Create an admin role that doesn't require a paid seat

Billing notifications can go to a non-seat holder but it would be helpful for corporate accounts to have an account owner who does not take up a paid seat. They would need master account administration permissions to manage account access and billing information.

  • Prelude Research, Inc.
  • Mar 23 2022
  • Tingey Law Firm commented
    September 27, 2023 18:43

    To restate it, we want the normal experience that most of us have with other vendors:

    • Master Holding Account - Usually granted an "Owner" or "Primary Owner" role.

    • Sub-Accounts can be assigned various roles: "Billing", "Manager", "Editor", "Content Manager", "Developer" and so on.

    • PARTNERSHIP or COLLABORATION access that the Master Holding Account can grant.

    That last part is the big one. Trying to monetize developer access is awkward at best, and well kinda offensive at the least. The desire to monetize is an impetus to create unfriendly systems to the user.


    Webflow makes it very, very difficult for outfits like ours to create turnkey projects and then hand them off to the client, AND then still manage the account under retainer. By difficult, I mean Webflow is trying to charge $500+ per year for something that is normally understood to be free.
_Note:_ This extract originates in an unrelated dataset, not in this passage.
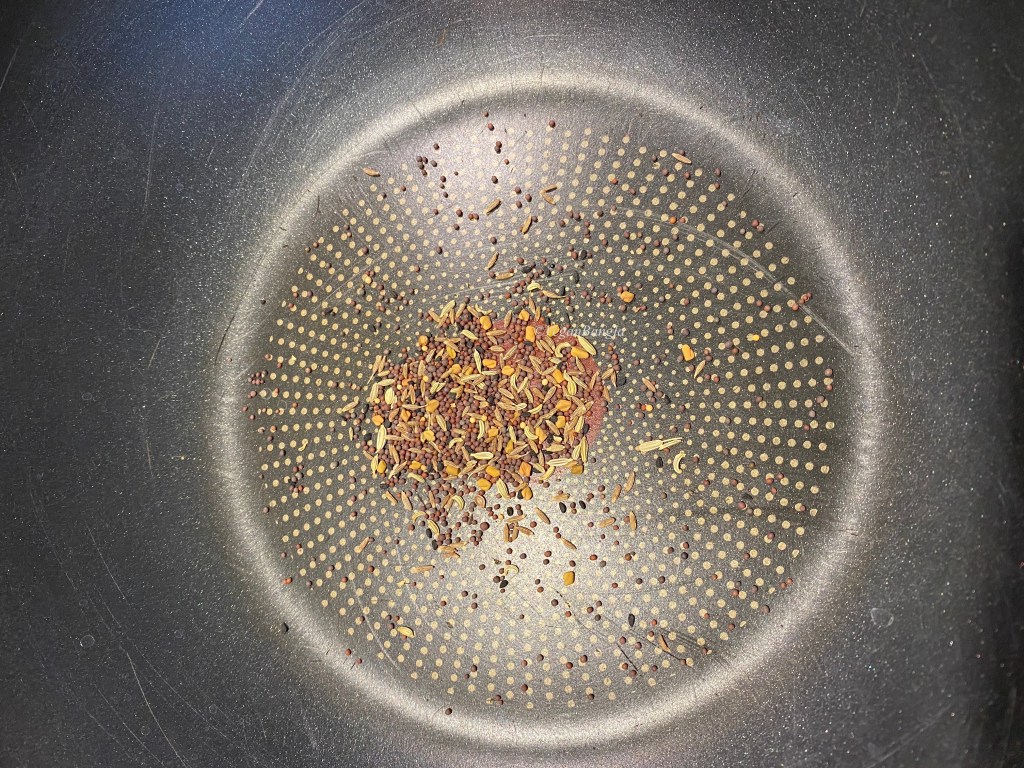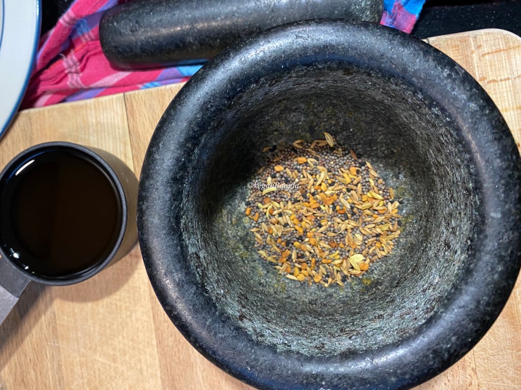 At first, I took a big deep pan and slightly toasted paach phoron. Then I pounded them in a mortar pestle coarsely and set them aside.

    Developer and partnership accounts, especially the latter, are fundamentally designed to bring new business to Webflow. Making things difficult for that behavior is puzzling at best to me.
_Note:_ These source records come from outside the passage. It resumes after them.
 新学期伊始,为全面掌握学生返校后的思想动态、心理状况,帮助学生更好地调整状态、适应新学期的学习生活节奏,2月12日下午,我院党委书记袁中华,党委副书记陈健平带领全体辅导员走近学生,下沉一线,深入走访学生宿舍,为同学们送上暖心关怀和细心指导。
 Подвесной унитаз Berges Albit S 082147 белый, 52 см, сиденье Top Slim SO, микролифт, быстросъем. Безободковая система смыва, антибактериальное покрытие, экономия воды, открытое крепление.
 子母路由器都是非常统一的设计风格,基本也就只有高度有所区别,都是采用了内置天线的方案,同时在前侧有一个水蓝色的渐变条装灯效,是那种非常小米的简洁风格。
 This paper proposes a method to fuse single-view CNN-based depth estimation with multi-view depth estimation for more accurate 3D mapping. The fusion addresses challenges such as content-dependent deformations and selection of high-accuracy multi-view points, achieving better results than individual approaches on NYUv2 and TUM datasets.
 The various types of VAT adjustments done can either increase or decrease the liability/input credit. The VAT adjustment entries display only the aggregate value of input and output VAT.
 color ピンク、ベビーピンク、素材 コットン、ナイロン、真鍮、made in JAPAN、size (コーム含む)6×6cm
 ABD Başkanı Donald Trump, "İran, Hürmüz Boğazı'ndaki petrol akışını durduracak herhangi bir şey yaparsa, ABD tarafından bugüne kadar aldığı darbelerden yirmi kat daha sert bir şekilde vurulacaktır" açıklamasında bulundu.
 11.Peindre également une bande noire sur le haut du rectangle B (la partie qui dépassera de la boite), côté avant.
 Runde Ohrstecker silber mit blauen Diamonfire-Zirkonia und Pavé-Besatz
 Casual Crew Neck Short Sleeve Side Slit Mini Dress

    Regardless of Webflow's desire for monetization, Site hosting accounts deserve to have master ownership access for the client, management access for the agency, and billing access for accounting.


    If Webflow insists on charging developers directly for access to the platform to work for the clients, so be it. At the very least just give us the access accounts we need to do our jobs effectively. Yes, preferably not for multiples of the site hosting fee.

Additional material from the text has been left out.